На этом слове его прервал голос Вотрена, пропевшего за дверью:
О Ричард, мой король,
Тебя все покидают…
Брум! брум! брум! брум! брум!
Объехал я весь белый свет,
И счастлив был… траля-ля-ля-ля…
– Господа, – объявил Кристоф, – суп подан, все уже за столом.
– Слушай, – сказал ему Вотрен, – поди возьми у меня бутылку бордо.
– Вам нравятся часы? – спросил папаша Горио. – У нее хороший вкус.
Вотрен, папаша Горио и Растиньяк сошли вниз вместе и, опоздав к началу обеда, очутились за столом рядом. Эжен выказывал чрезвычайную холодность к Вотрену, несмотря на то, что этот человек, – и вообще-то приятный, по мнению г-жи Воке, – разошелся сегодня, как никогда. Он искрился остроумием и сумел расшевелить всех нахлебников. Такая уверенность в себе, такое хладнокровие страшили Растиньяка.

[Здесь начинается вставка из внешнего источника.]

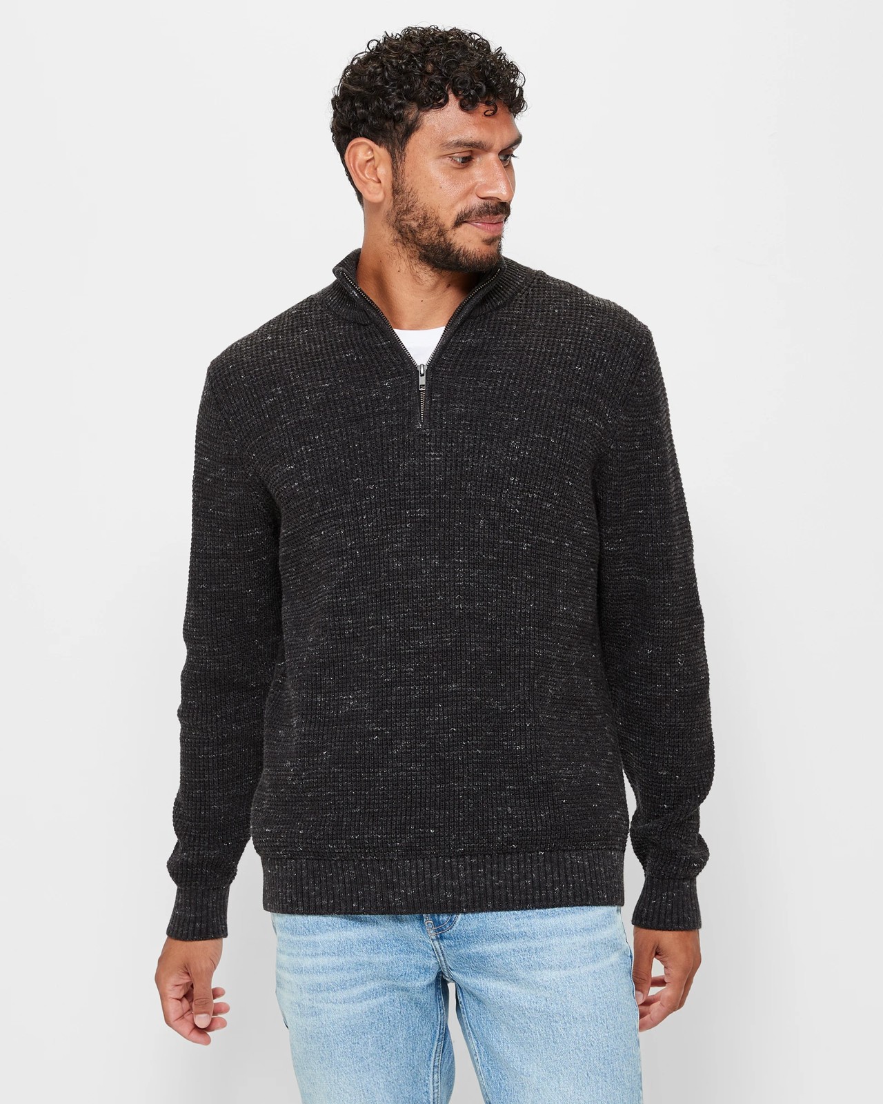 Great for everyday wear with your favourite bottoms, the Waffle Half Zip Knit Jumper features an all over rib knit design, funnel neckline with half zip closure and long sleeves.

– Что это на вас нашло сегодня? – спросила г-жа Воке. – Уж очень вы развеселились.
– Я всегда весел после хорошей сделки.
– Сделки? – спросил Эжен.
– Ну да! Я поставил партию товара и потому имею все права на получение комиссионных. – Заметив, что мадемуазель Мишоно приглядывается к нему, Вотрен сказал: – Мадемуазель Мишоно, вы все посматриваете на меня сверлящим взглядом: возможно, вам что-нибудь не нравится в моем лице? Скажите прямо! Чтобы сделать вам приятное, я переменю… Как, Пуаре, мы с вами не поссоримся из-за этого? – спросил он, подмигнув старому чиновнику.

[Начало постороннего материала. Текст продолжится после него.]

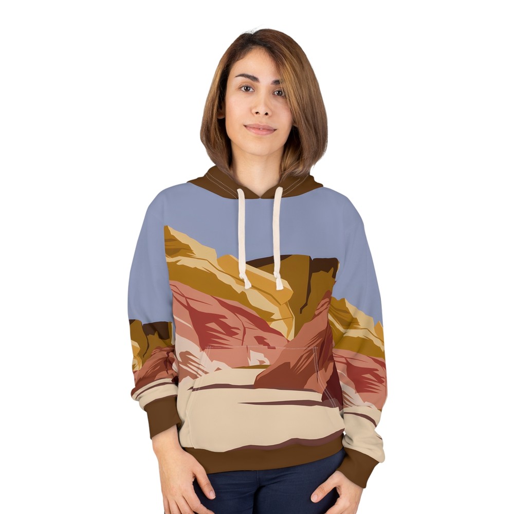 Elevate your outdoor adventures with the Twilight Canyon All Over Print Hoodie. This unisex pullover combines comfort and style, featuring a stunning canyon design that captures the beauty of nature. Made from soft, breathable fabric, it’s perfect for travel or cozy evenings by the fire. Embrace the journey in comfort! - Made of 100% durable polyester - Medium weight fabric with a classic fit - Tumble dry: low heat - Machine wash: cold (max 30C or 90F) XS S M L XL 2XL Length, in 25.00 26.61 27.64 29.25 30.24 31.89 Width, in 20.00 21.50 22.99 24.49 26.50 28.50 Sleeve Length, in 23.86 24.25 24.88 25.39 25.87 26.38

– Черт возьми, вам следовало бы позировать для ярмарочного Геркулеса! – воскликнул художник.
– Идет! Если мадемуазель Мишоно будет позировать в виде Венеры Кладбищенской, – ответил Вотрен.
– А Пуаре? – спросил Бьяншон.
– О, Пуаре пускай позирует как Пуаре, – крикнул Вотрен. – И получится бог садов и огородов. Ведь у него и имя-то, если верить произношению Сильвии, происходит от порея.
– От гнилой луковицы, – подхватил Бьяншон. – Вот какой это фрукт!
– Все это глупости, – прервала его г-жа Воке. – Лучше бы вы угостили всех нас вашим бордо из той бутылочки, что кажет свое горлышко. Это поддержит наше веселое расположение духа. Да и полезно для жулутка.
– Милостивые государи, – обратился ко всем Вотрен, – председательница призывает вас к порядку. Госпожа Кутюр и мадемуазель Викторина не станут обижаться на ваши легкомысленные разговоры, но пощадите невинность папаши Горио. Я предлагаю вам распить бутылорамочку бордо, вдвойне славного именем Лафита, – просьба не принимать за политический намек. Ну же, чудачина! – крикнул он, глядя на Кристофа, стоявшего на месте. – Сюда, Кристоф! Что это значит? Ты не знаешь своего имени? Давай, чудачина, выпивку!
– Пожалуйте, – ответил Кристоф, подавая ему бутылку.
Наполнив стаканы Эжену и папаше Горио, Вотрен медленно налил себе несколько капель и, пока его соседи пили, пробовал вино на язык; вдруг он сделал гримасу.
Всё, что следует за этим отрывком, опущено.